= Christa Jungnickel =

American historian of science

Christa Jungnickel (11 April 1935 – 12 August 1990) was a German-American historian of science.

==Life==
Jungnickel was originally from Germany, one of three daughters of a German soldier who was lost in Russia during World War II. As a teenager, she emigrated with her family to the US; her mother, formerly an office worker, became a house cleaner in San Francisco. Jungnickel herself began work after high school as a typist and later an accountant for a stock broker, while studying part-time at the University of San Francisco. She eventually transferred to full-time study at Stanford University, working there with historian Jacqueline Strain. After graduating in 1969, she began graduate study at the University of Pennsylvania, but transferred in 1972 to Johns Hopkins University, and completed her doctorate at Johns Hopkins in 1978 with a dissertation concerning the Royal Saxon Academy of Sciences.
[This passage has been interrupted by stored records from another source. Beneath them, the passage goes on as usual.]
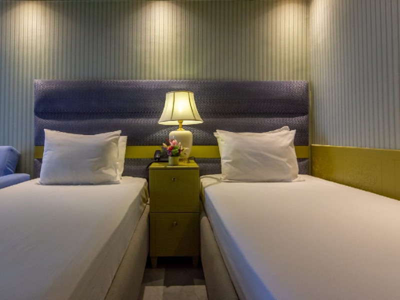 Camera standard matrimoniala sau twin (DBM / DBT)- cuprinde un spatiu deschis cu o suprafata de 16 mp, cu zona pentru dormit cu un pat matrimonial sau 2 paturi twin, fotoliu extensibil sau scaun, baie cu cabina de dus, si balcon.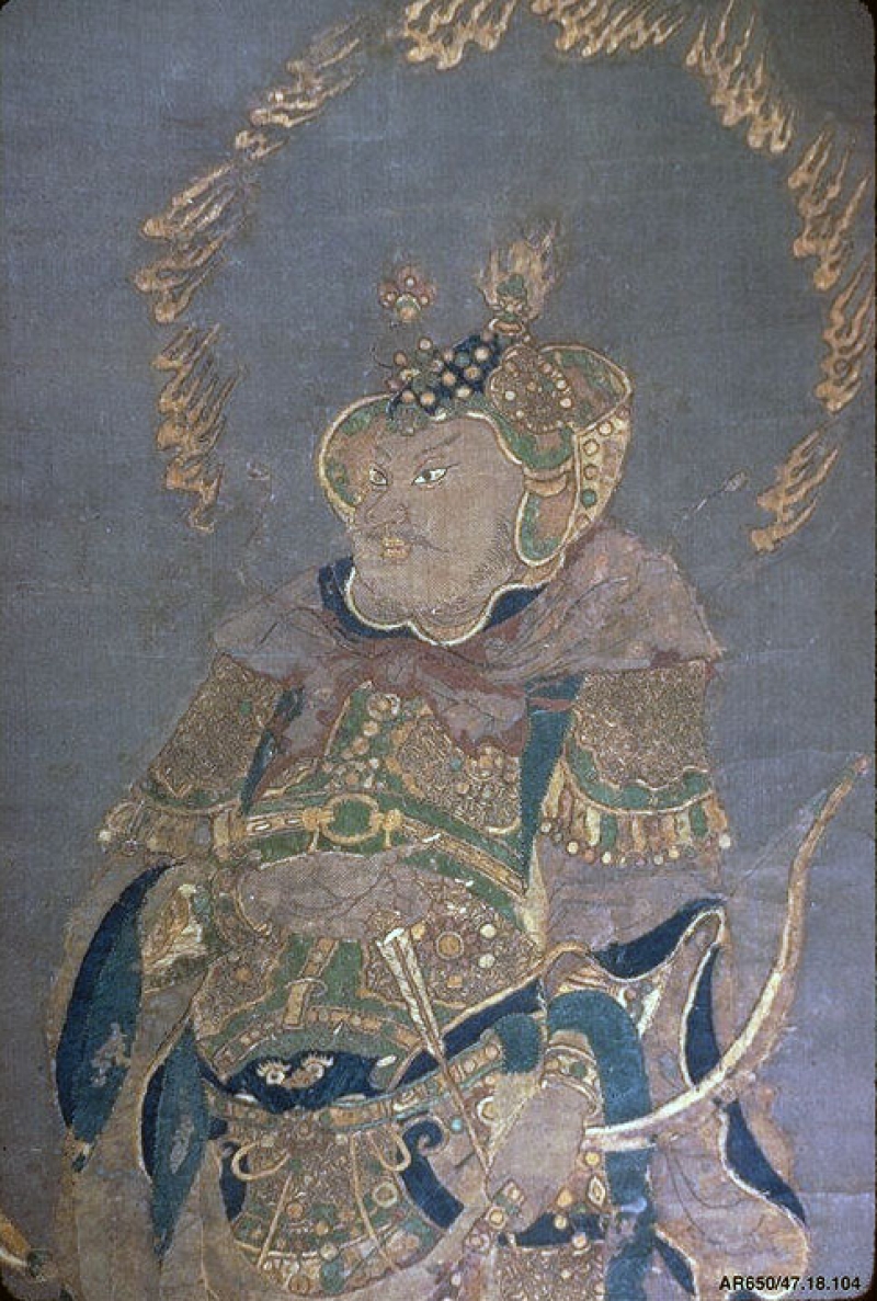 The scroll shows one of the Buddhist guardian kings of the four cardinal directions. He is holding a bow and arrow. The arrow would suggest the Guardian of the East, although the accompanying text identifies him as the Guardian of the West.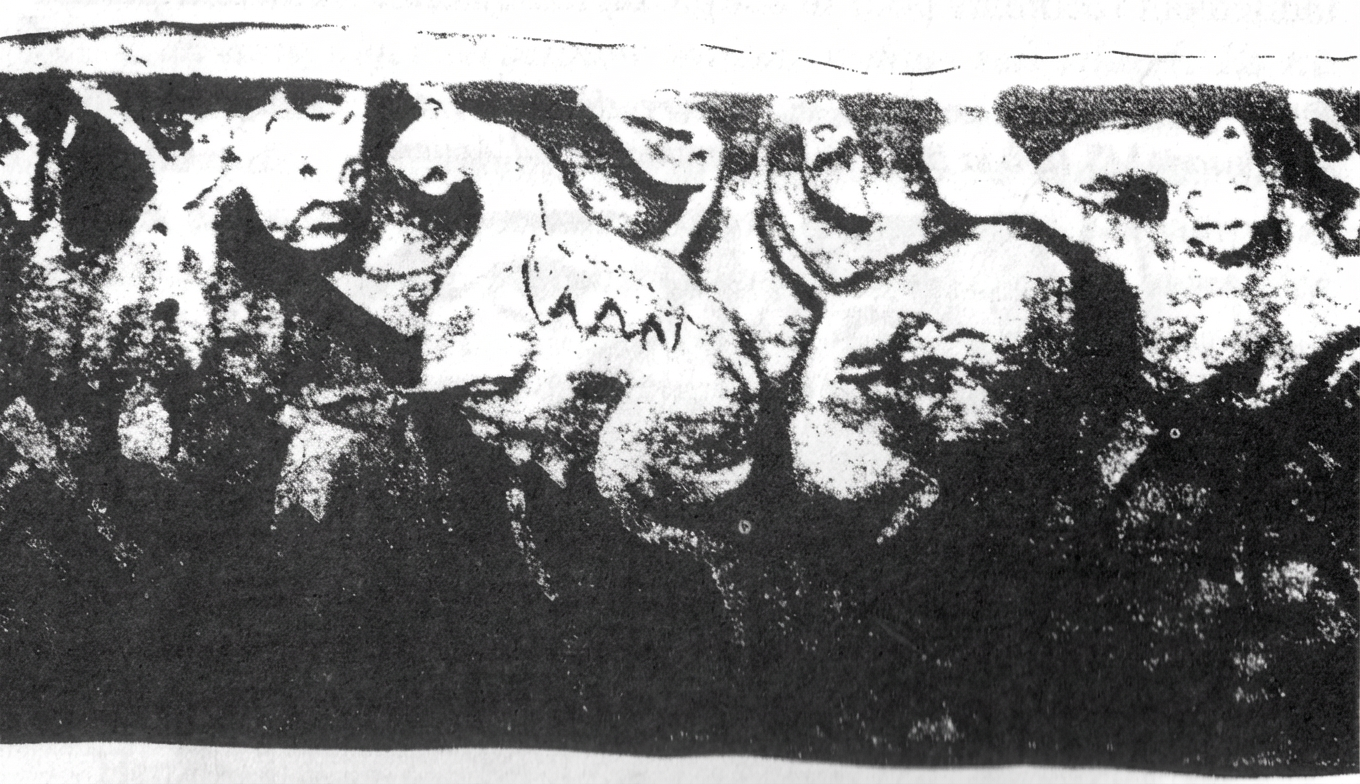 Fig.2 : Attaque d’un troupeau de dinosaures (type Brontosaurus) par un prédateur bipède. En haut des flancs de ce dernier, on distingue les bords d’une carapace (un tel détail figure dans le récit de Beowulf, cf. Le Cep n° 21 à paraître).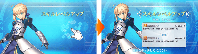 サーヴァントスキル強化画面から保有スキルを強化する際に表示される演出を、画面タッチでスキップできるように改修いたしました。 ※宝具レベルアップ、アペンドスキルレベルアップなどは今後のゲームアップデートで対応予定です。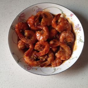 放油,倒入葱姜末(别糊)煸香后放入虾,放番茄酱少许加一点儿酱油上色后,放少量水加盖小火焖,最后放水淀粉勾芡

Jungnickel's doctoral supervisor was Russell McCormmach, whom she married.
When Jungnickel fell ill of cancer in 1983, McCormmach left academia and they moved to Eugene, Oregon, where they remained until she died in 1990 of an unrelated heart condition.

==Books==
Jungnickel is best known for her two-volume work Intellectual Mastery of Nature: Theoretical Physics from Ohm to Einstein (University of Chicago Press, 1986), which she coauthored with her husband Russell McCormmach. It won the Pfizer Award in 1987, and was reprinted in a revised and shortened form as The Second Physicist: On the History of Theoretical Physics in Germany (Springer, 2017).

With McCormmach, Jungnickel also wrote a biography of Henry Cavendish, the book Cavendish (American Philosophical Society, 1996), updated as Cavendish: The Experimental Life (Bucknell University Press, 1999).